A good example is Creative Commons (CC). They have created several licenses at increasing levels of openness that data owners can choose to publish their data (or works) if they want people to use it without payment. There are four key components to CC licenses: attribution, non-commercial use, no derivatives, and share alike.
Attribution (BY) means that you need to reference the source and the data owner if you use the data (or the work). Non-commercial use (NC) means that you are only allowed to use the data (or the work) for non-commercial purposes (i.e., you are not allowed to charge for whatever you produce based on that data). No derivatives (ND) means that you are not allowed to create derivative works, in that you cannot alter/modify or wrangle (e.g., merge, select, or subset) the work, and have to use it exactly in the way it was provided. Finally, there is share alike (SA), which means that you are allowed to create derivative works, but if you share them, you have to share them with the same type of licence as the one you got for the components.

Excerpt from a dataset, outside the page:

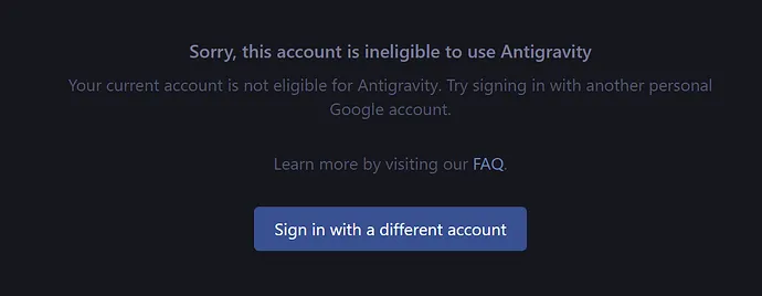 You try to sign in to Antigravity and see “Your current account is not eligible. Try signing in with another.” On one device it worked before, but after signing out you’re blocked everywhere. This points to an account-level eligibility check, not a device issue.

These components can be applied in several combinations. The most restrictive combination is CC BY-NC-ND. If you join up all the conditions, you will see that any dataset made available under this license would be virtually unusable for open and reproducible research. The ND part, specifically, would not allow you to make selections of participants or to calculate a BMI from height and weight, as these would be derivatives of the original dataset. This would apply to any licence that includes the ND clause. The SA part is also quite restrictive as it means that you can create a derivative work (your manuscript) but you can only publish it with the same license. The NC clause would prevent you from publishing in a pay-walled journal as this would mean that commercial benefit is derived from the data.
So, if you are looking at a dataset, be sure to look for the license attached. Look for CC0 or CC-BY. CC0 means that there are no conditions attached. CC-BY means that all you need to do is provide attribution (i.e. a reference) to the source. If you use a CC-BY dataset, please remember to do that!
If you are the data owner and are considering which licence you should choose for your data before publishing it, make sure you don’t make the licence too restrictive. Restricting your licence too much will prevent many very relevant use cases.
Creative Commons is not the only type of license that can be used in open research. Some licenses specifically designed for data are being created (Open Data Commons - ODC licenses) and there are other ‘open’ licences such as the GNU and MIT licences, although these are generally mostly used for open source software rather than for data.
To summarise, we have seen that open data is only a part of the wider Open Science universe and that open data should ideally be FAIR but that this is often only partially the case. We must pay importance to the availability and quality of metadata, both when we look for open data and when we are developing our own open data. We have seen that there are many ways of finding open data and that unfortunately none of these ways is yet ideal. Finally, we have discussed that open data generally still has a data- owner and that you should be very aware of the conditions that the data licence sets for how you can use it.
To conclude, I think we can say that we have started on the right path towards a situation where research data is open, but that we still have a long way to go.